2.        APPROVAL OF AMENDMENT TO 1993 EMPLOYEE INCENTIVE PLAN TO INCREASE THE
          NUMBER OF SHARES OF COMMON STOCK (AND OPTIONS THEREFOR) RESERVED AND
          AUTHORIZED FOR ISSUANCE UNDER THE PLAN BY 300,000 SHARES.

          [ ]   FOR                [ ]   AGAINST                   [ ] ABSTAIN

3.        THE TRANSACTION OF SUCH OTHER BUSINESS AS MAY PROPERLY COME BEFORE THE
          MEETING OR ANY ADJOURNMENTS OR POSTPONEMENTS OF THE MEETING.

          THE BOARD OF DIRECTORS RECOMMENDS THAT YOU VOTE FOR THE ELECTION OF
ALL NOMINEES AND FOR PROPOSAL NO. 2.

<PAGE>   24

          THIS PROXY WILL BE VOTED AS DIRECTED ABOVE. WHEN NO CHOICE IS
INDICATED, THIS PROXY WILL BE VOTED FOR THE ELECTION OF THE FIVE NOMINEES FOR
ELECTION TO THE BOARD OF DIRECTORS AND FOR PROPOSAL NO. 2. In their discretion,
the proxy holders are authorized to vote upon such other business as may
properly come before the meeting or any adjournments or postponements thereof to
the extent authorized by Rule 14a-4(c) promulgated under the Securities Exchange
Act of 1934, as amended.

THIS PROXY IS SOLICITED ON BEHALF OF THE BOARD OF DIRECTORS OF IMSI.

Dated: _____________, 1997

- --------------------------

- --------------------------



Please sign exactly as your name(s) appear(s) on your stock certificate.
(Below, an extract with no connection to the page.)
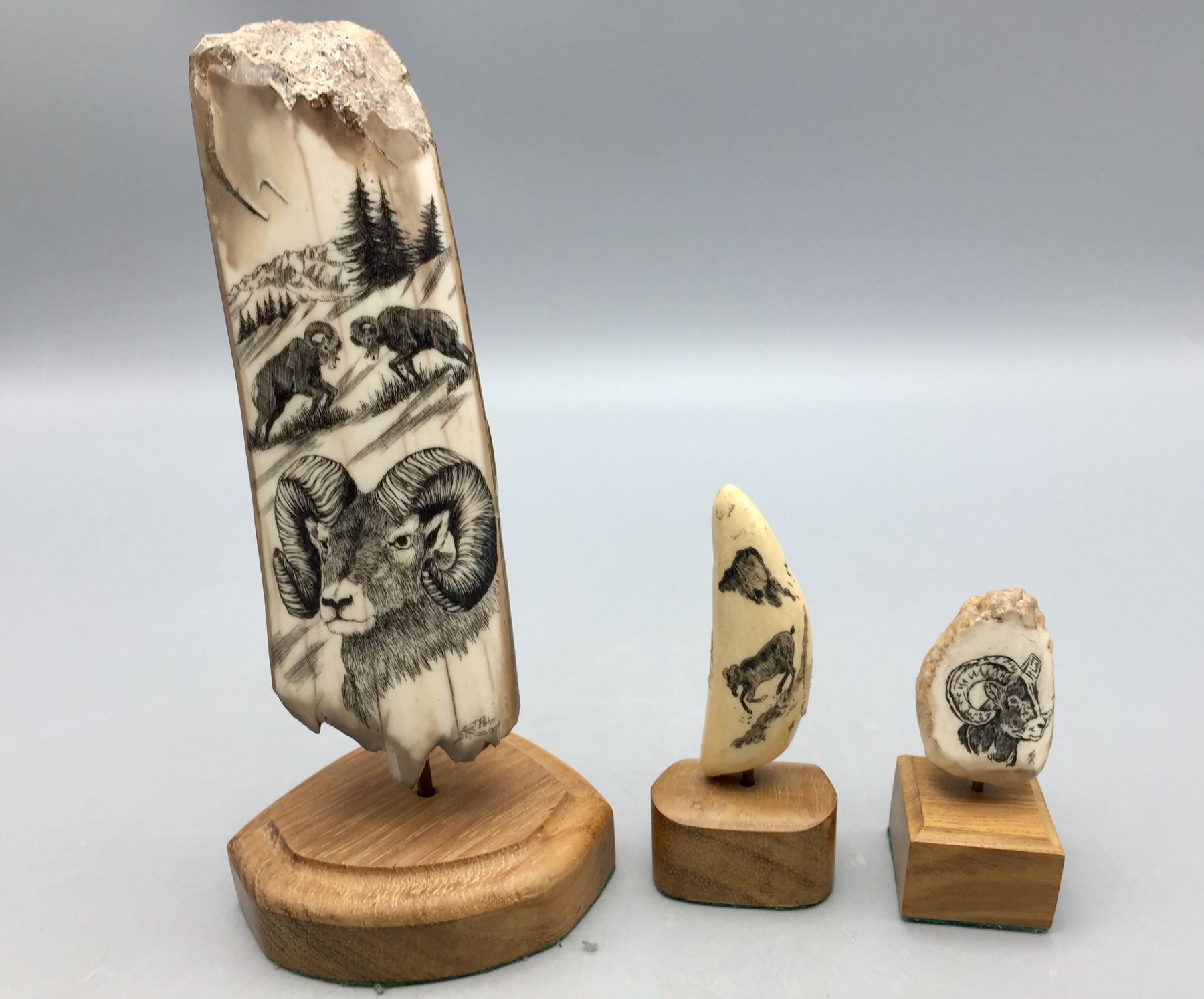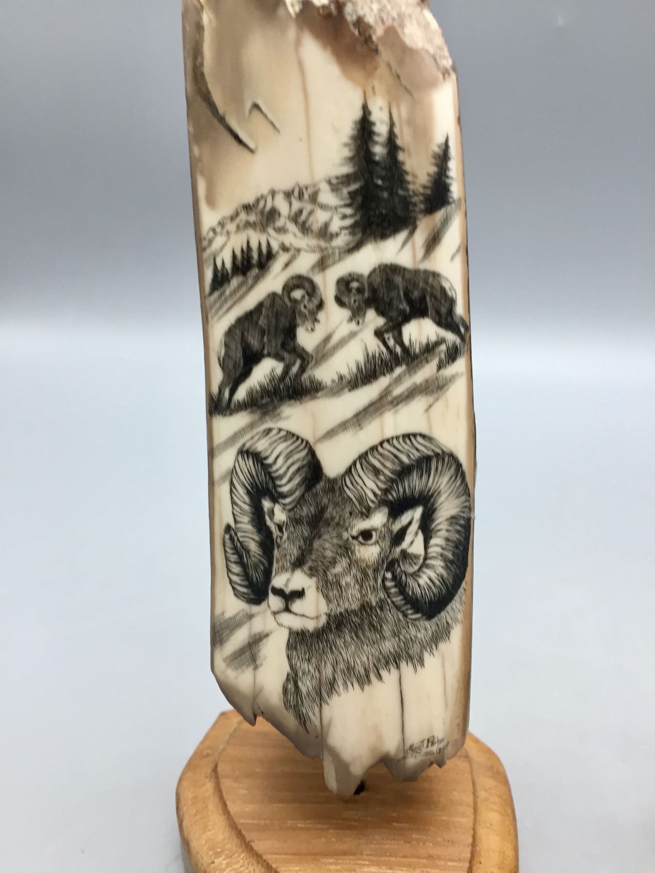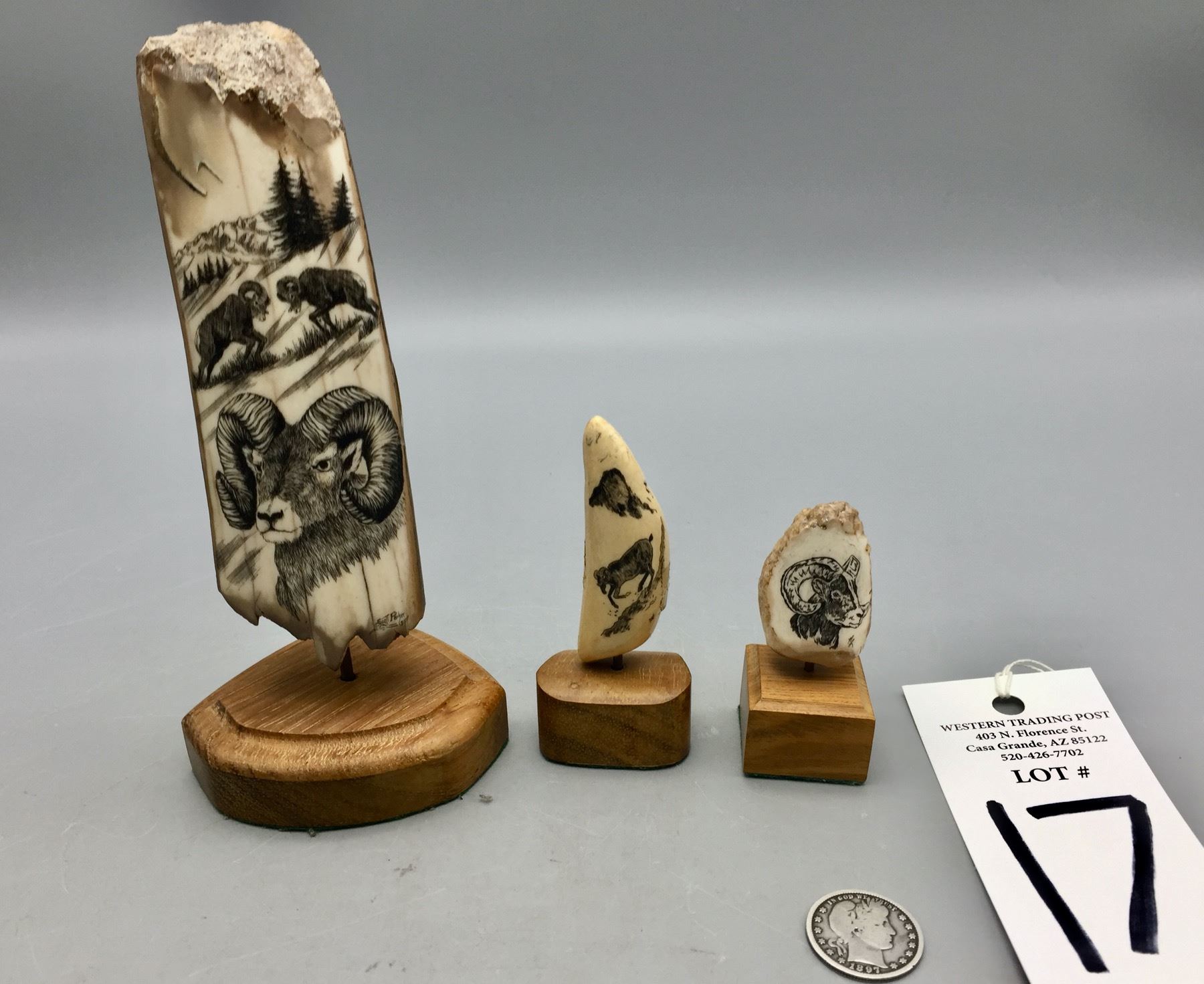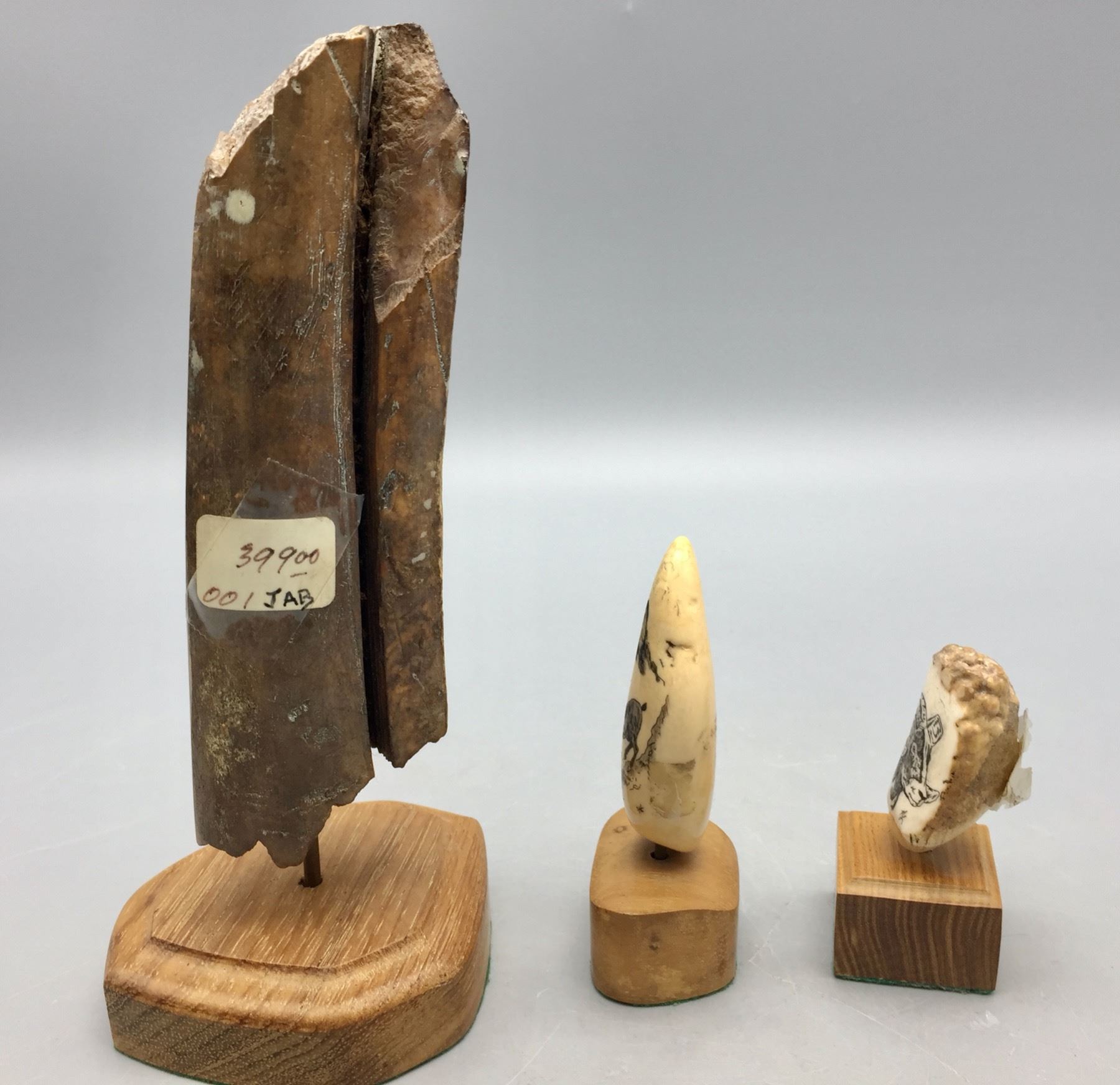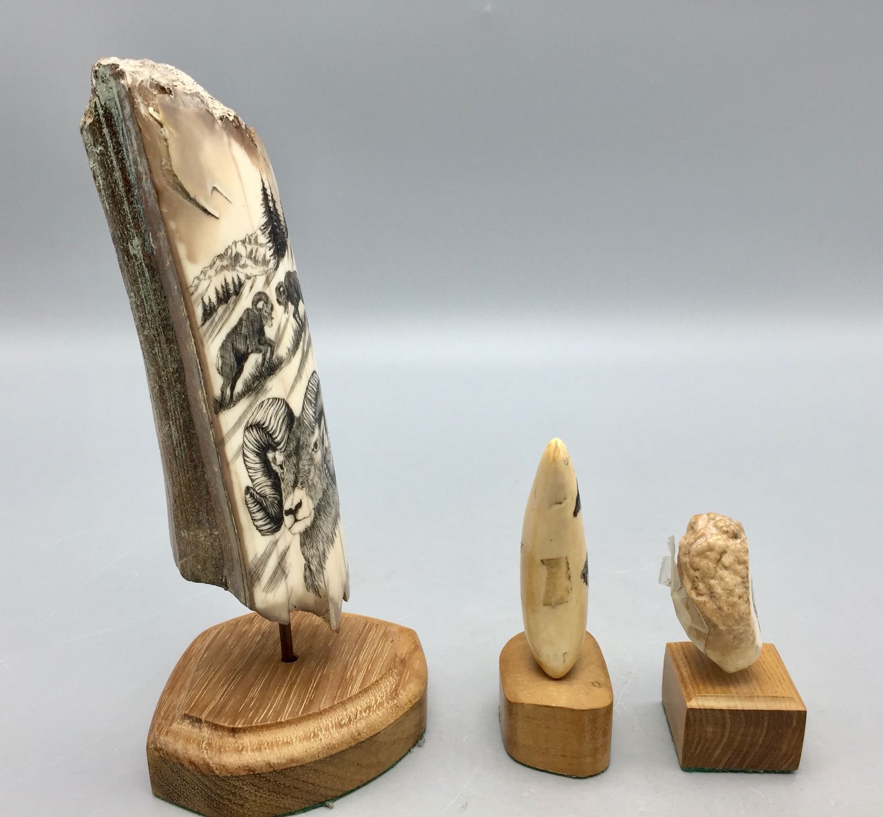 Description: Presented for sale in this lot are three Scrimshaw fossilized ivory pieces. All vary in sizes and designs. Maker: Various. Approx. Age: Ivory is fossilized (pre-historic) and the work on it is more modern. Size: 2.5” to 6.75” tall. Condition: Good for their age, normal wear expected. Please look closely at the pictures - they are an important part of our description. Shipping: There will be a $10 handling, packaging fee for shipping this lot. The actual cost of postage will be added on top of that.

If
shares of stock stand of record in the names of two or more persons or in the
name of husband and wife, whether as joint tenants or otherwise, both or all of
such persons should sign the proxy. If shares of stock are held of record by a
corporation, the proxy should be executed by the president or vice president and
the secretary or assistant secretary. Executors, administrators or other
fiduciaries who execute the above proxy for a deceased shareholder should give
their full title. Please date the proxy.

WHETHER OR NOT YOU PLAN TO ATTEND THE MEETING IN PERSON, YOU ARE URGED TO
COMPLETE, DATE, SIGN AND PROMPTLY MAIL THIS PROXY IN THE ENCLOSED RETURN
ENVELOPE SO THAT YOUR SHARES MAY BE REPRESENTED AT THE MEETING.




<PAGE>   25

                                   APPENDIX A


     1993 Employee Incentive Plan incorporated by this reference from Exhibit
4.1 of Form S-8 filed August 11, 1993.